Snow snarls Caldwell
Three days of warnings about how much snow Caldwell County may have gotten everyone's attention.
Once the snow started falling, many people stayed off the streets, and most businesses closed early -- even Walmart, usually open 24 hours, closed at 10 p.m. Wednesday after some employees reported they couldn't make it.
But as the gray sky lightened Thursday morning, through the snowy quiet came the rumbling of diesel engines. The snow that shut down so many businesses became a business opportunity for people such as Danny Bradley, whose landscaping company offers to plow parking lots when it snows.

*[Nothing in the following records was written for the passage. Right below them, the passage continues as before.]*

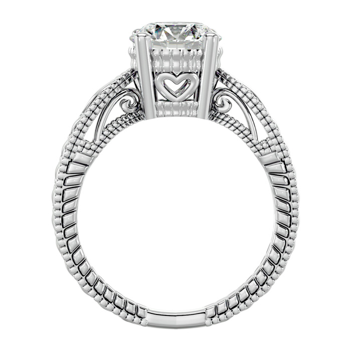 2 Carat Moissanite Solitaire Engagement Ring with Tapered Etched Band In 14 Karat White Gold
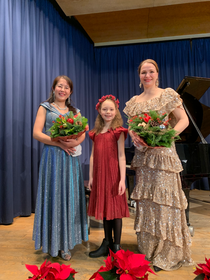 Heute konzertierten wir bei einer Weihnachtsfeier. Unter anderem musizierten wir aus dem Weihnachtsoratorium von J.S. Bach "Flößt, mein Heiland, flößt dein Namen". Das "Echo-Mädchen" Veronika sang auch sehr schön!
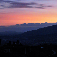 Noche de estrellas y luceros, presagio de un día primaveral en la tierra del café. En el horizonte se divisan los primeros destellos del sol naciente; una acuarela de t... |
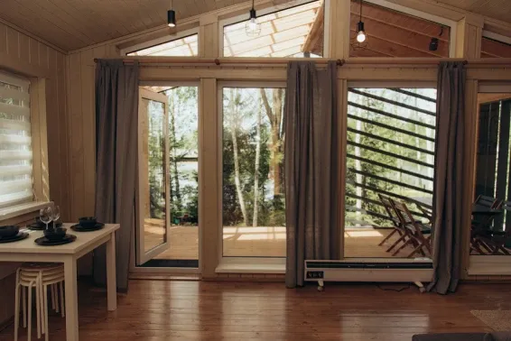 У нас тепло круглый год! Каждый домик оборудован электрическим конвектором, благодаря которому вы можете настроить комфортную для вас температуру.

A few businesses have a standing contract for the work, he said, but most jobs are from last-minute decisions. "They just call me," he said. He and two employees were working along Harper Avenue about 8 a.m. when a manager at the nearby Sonic Drive-In flagged Bradley down and hired him to plow the restaurant's lot. Bradley expected they would stay busy into the night.
"We got on the list to do about 20 right now, and they're still calling," he said about 9 a.m.
The official snowfall total was in the lower end of the range that forecasters predicted -- about 5 inches, the National Weather Service said. Wednesday night, forecasts had said the total could be as little as 5 inches or could top 10 inches.
But Charles Beck, public works director for Lenoir, estimated that 9 inches fell downtown. The city had 14 workers with four snowplows, two graders, two sand trucks and sidewalk snowblowers clearing streets and sidewalks Thursday.
“Downtown, we’ve had so much snow that we’ve had to kind of row it up in the middle of the street and are in the process of hauling it” to the public parking lot on Ridge Street behind First Baptist Church, Beck said.
Temperatures Thursday afternoon climbed into the 40s, helping icy roads become slushy, and slushy roads become mostly clear. But while busy roads were easily navigable by late Thursday afternoon, side and country roads were still tricky, said Leslie Earp, a manager at Piccolo's Pizza in Lenoir, which opened as usual at 10 a.m. and offering delivery -- with a caveat. For each delivery call, managers checked the route and asked the customer about local road conditions.
The N.C. Department of Transportation had 18 employees and nine contract workers working 12-hour shifts to keep the highways clear while it snowed, said Kenny Heavner, DOT county maintenance engineer. Late Thursday morning, they shifted to secondary roads.
The biggest challenge workers clearing streets had to contend with Thursday, Beck said, was the same as when it snowed two weeks ago: Wet roads under the snow froze, creating a layer of ice “making it real difficult to cut,” he said.
Estel Osborne, a superintendent of streets for Lenoir, was driving a truck, worked a snowplow through lunch and expected crews to continue into Thursday night. “We’ll run a crew around the clock until we get ahead of this thing,” Osborne said
Roads that weren't clear and dry Thursday could be hazardous again this morning as temperatures drop back to the mid-20s. But today's forecast calls for a high around 45 and a slight chance of rain in the afternoon.
And we might not be done with the snow: The National Weather Service says the rain could turn to snow Friday night, but it probably would amount to less than an inch.